I personally like to do the trim and such first because then you can kind of slop it on (while being neat of course). Then you can go back and use the trim as the "edge" for you to cut in the wall, and cover up any mistakes you may have made with the trim paint.


----------



## Jay123 (May 7, 2008)

That's how our painters do it.:yes:

J


----------



## melissaandkris (Jun 16, 2008)

Thanks! That's what I thought but I wasnt sure. Im bound to mess up and I figured it was easier to touch up white trim instead of orange walls!


----------



## Jay123 (May 7, 2008)

That's why I stick to "virtual" painting...the computer does all the cutting in, etc. :thumbup:

J


----------



## melissaandkris (Jun 16, 2008)

Well your just a state over from me...I'm in Alabama so you can come over and cut in mine for me and I'll do some virtual painting for you a while!


----------



## Jay123 (May 7, 2008)

:no::no::no::no::no:

Did I mention....I HATE painting. I'm lucky my fiance does all ours at the house....I'd rather swallow broken glassinch:.

I'm not sure why I dislike it so much...all the prep work drives me crazy and you have to do good prep to end up with a good job...it's just no fun for me.

J


----------



## Jay123 (May 7, 2008)

Is this the color you guys are using?


----------



## melissaandkris (Jun 16, 2008)

I dont really hate it Im just not good at it...But you know what they say practice makes perfect. My husband would agree with you though...Unless it has wheels he's not interested


----------



## Jay123 (May 7, 2008)

Good man! 

J


----------



## melissaandkris (Jun 16, 2008)

Jay123 said:


> Is this the color you guys are using?


No, its caramelizd orange 250D-7. its a behr color. I found this pic online of someones kitchen and it matches almost perfectly (by my monitor anyway) the orange color and my cabinets are the same cream color with brushed nickel hardware. Hopefully after I paint new or painted countertops will be next and Im leaning towards something kinda dark like this to contrast the cabinets. 

Any thoughts about it???


----------



## Jay123 (May 7, 2008)

Looks good to me...


----------



## melissaandkris (Jun 16, 2008)

yep! your post of this on the other thread and that pic I found helped me finally make up my mind. My husband is the one who mentioned the orange to start with but I needed convincing. after all...If it didnt look good I'd be the one repainting!!


----------



## Jay123 (May 7, 2008)

How about adding some crown moulding and painting the trim the same as the cabinet color?

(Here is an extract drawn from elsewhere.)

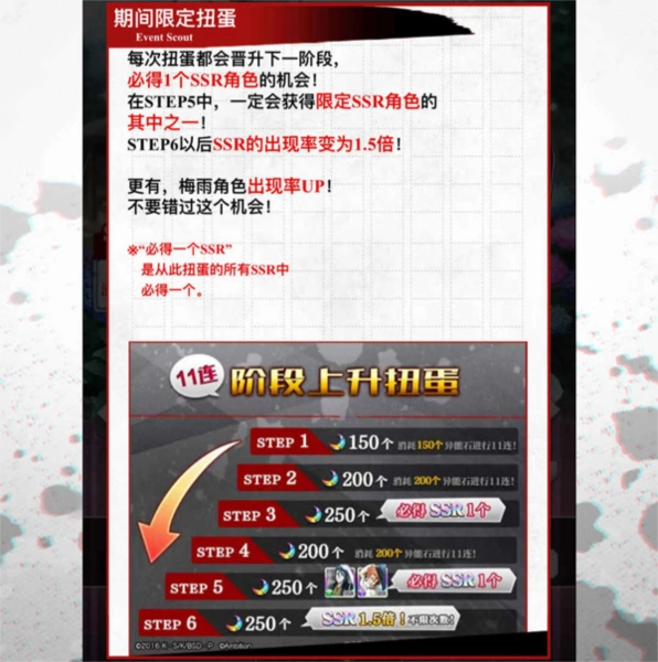 在此之后我们就可以抽活动卡池了,十连抽正常需要250异能石抽取一次,活动卡池一般都是阶段性的,一共分为六个阶段,第一阶段只需要150异能石,第二个阶段需要200异能石,第三个阶段需要250异能石,但是会必得一个SSR卡,第四个阶段重新降回200异能石,第五个阶段需要250异能石,但是会必得一张SSR的活动角色卡,到了第六个阶段以后需要250异能石,但是抽取SSR的几率会提升至1.5倍,而且不限抽取次数。

And if you get new granite, ya gotta get an undermount sink to go with it.:yes:


----------



## DIYHelper (Feb 28, 2007)

Do yourself a favor and take the Behr color to a real paint store if you love it, or pick out a close match in Benjamin Moore or Sherwin Williams. You'll be much happier with your painting experience.


----------



## Jay123 (May 7, 2008)

:yes:

Duron is good as well. The pro painters won't touch behr.


----------



## melissaandkris (Jun 16, 2008)

we have a shermin williams store near by so I may take my color chip to them so they can match it. I figure if I do a tinted primer it should only take 1 coat (fingers crossed) 2 at the most. The color now is a very light cream color and the bottom was very dark hunter green (ive already primed it with left over kilz primer that I had from when I painted my cabinets) but I will reprime with the tinted I guess. any tips on what primer to use? 

Crown moulding is already on the honey do list as far as granite...dont see that happening any time soon...Unless Bush wants to send out some more money lol 

Thanks so much for the help already! You guys are making this so much easier!


----------